70,000cpm/uL X 90ul= 6.3 X 106cpm
819,966cpm/2uL = 409,998/ul (probe concentration)
6,300,000/409,983 = 15.4ul/slide
- Mix probe by vortex and then spin down probe, keep mixed probe on ice.
- Boil each probe for 2min.
- Immediately add 80ul probe to 24 X 50mm coverglass. Turn slides tissue side down and contact tissue to the probe. Turn slides back with coverglass at top.
- Hybridize overnight at 55 °C in a humidified chamber ( 50% formamide and 2X SSC).
- Warm 2X SSC at 60°C and STE at 37 °C.
- Put slides into washing container with prewarmed 2XSSC.
- Remove coverglass from slides. Chek no coverglass left in slides rack. Wash for 15min at 60°C.
- Change prewarmed 2X SSC and wash for 30min at 60°C.
- Wash with STE at 37°C for 20min.
20X SSC 200ml
1M Tris pH7.6 20ml
0.5M EDTA 2ml
- RNase treatment for 45 min at 37°C. (6-20ug/ml in STE)
1XSTE 200mL 350 ml
RNase(10mg/ml) 250uL 400ul
- Wash with STE at 37°C for 10min.
- Wash with 2X SSC for 30 min at 60°C.
- Wash with 0.5X SSC for 30 min at 60°C.
- Wash with 0.1X SSC for 30 min at 60°C.
- Rinse with 0.1X SSC at RT.
- ddH2O at RT X2.
- Rinse with 95% ETOH.
- Air dry in dust free area.
- Dried slides are exposed to a BioMax Kodak film for 1 to 3 days.
* For working with emulsion, use a dark red Kodak safelight No 2.
* Aliquot emulsion: Dilute 118ml Kodak NTB-2 emulsion with 200ml ddH2O (prewarmed at at 42-45 °C). Warm emulsion at 42-45 °C until completely melted. ( about 12min) . Aliquot 20ml to glass scintillation vials or 50ml tubes. Wrapped in two layers of aluminum foil and stored in dark at 4 °C. Check the background of emulsion by dipping blank slides in one aliquot. Keep slides in dark at room temperature for 4-6 hours. Develop slides when slides were dry.
- Melt emulsion by warm the emulsion vial at 42-45 °C water bath for about 12 min. Pour emulsion into special slides coating jar bathed in 42-45 °C.
(Avoid keeping emulsion at 45 °C for longer than 40 min.)
- Dip slides for 4 seconds, then drain for 3 seconds.
- Place slides horizontally on a rack at RT in the dark for 6 hours or overnight. ( Room should be cool )
- Slides are placed in black slides boxes. Wrapped with aluminum foil and stored in dark at 4 °C.
- Exposure one week . ( 3days to 2 weeks )
Developing and Staining
* Prepare a 10mg/ml stock solution of Hoechst 33258 (Sigma, bis- benzimide) in DMSO. Make 50ul aliquots and store at -80°C.
* Make Kodak D-19 developer and Kodak fixer solutions according to the instructions on the package. The solutions should be made one day earlybefore to use. Both solutions shelf life are two months.
- Equilibrate slides to RT for 1 hour.
- Open slides box in dark and transfer it into a slides rack.
- Slides are developed in Kodak D-19 developer for 2 min at RT (no longer, no movement ).
- Rinse in tap water for 30 seconds at RT ( no movement ).
- Immerse in Kodak fixer for 5 min at RT ( no movement ).

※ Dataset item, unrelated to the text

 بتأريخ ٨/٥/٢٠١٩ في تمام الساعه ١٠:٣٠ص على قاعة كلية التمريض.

- Rinse in ddH2O for 10 min ( 2 or 3 changes, no movement ).
- Dilute Hoechst dye stock solution in H2O to make a final concentration of 2ug/ml.
Hoechst stock 50ul
- Developed slides are placed into the dye solution for 2min.
- Rinse 2 min in stationary water ( no longer ).

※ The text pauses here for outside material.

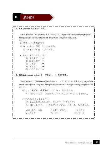 2. KB(keterangan waktu)に どこかへ いきますか。

- Rinse one or more under running deionized water.
- Use a new and sharp razor blade to remove the emulsion at backside of the slides.

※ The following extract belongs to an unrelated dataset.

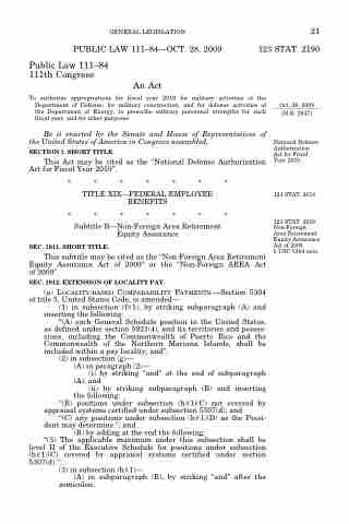 123 STAT. 2619 Non-Foreign Area Retirement Equity Assurance Act of 2009.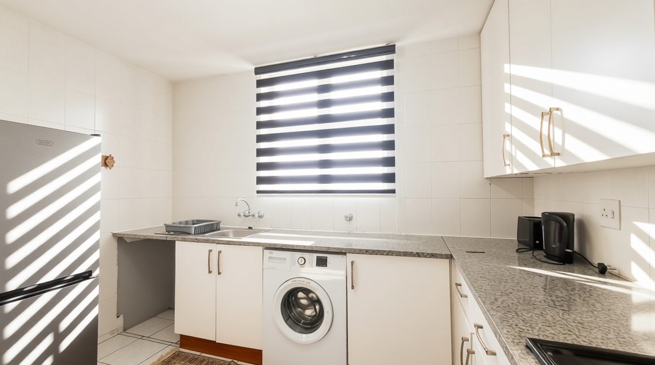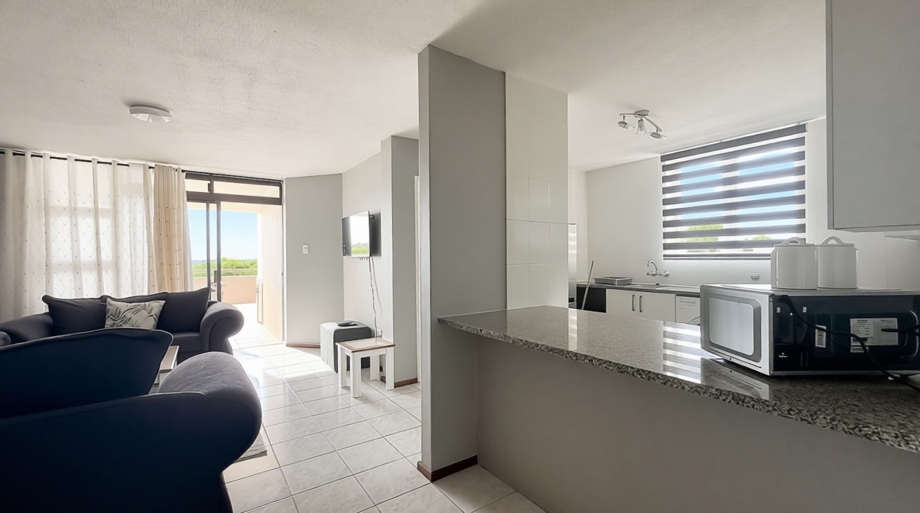 Discover coastal living in this inviting 3-bedroom, 2-bathroom apartment located in the vibrant Manaba Beach, Margate. This furnished residence offers an open-plan layout, seamlessly connecting the living, dining, and kitchen areas, all bathed in natural light. The modern kitchen features white cabinetry, granite-look countertops, a breakfast bar, and an integrated washing machine, providing both style and functionality.

- Rinse with deionized water.
- Shake off excess water and air dry slides at RT.
- Cover sections with one drop of 5g Canada Balsam/10ml methyl salicylate, lay on a coverslip. Keep slides horizontal until edges harden.
Diethyl pyrocarbonate treated H2O (DEP H2O):
0.1% Diethyl pyrocarbonate in ddH2O. Shake well and make sure the Diethyl pyrocarbonate completely dissolved. Incubate at 37 °C overnight. Autoclave 15 min.
Glassware and stir bar can be baked at 180-220 °C overnight to inhibit RNase.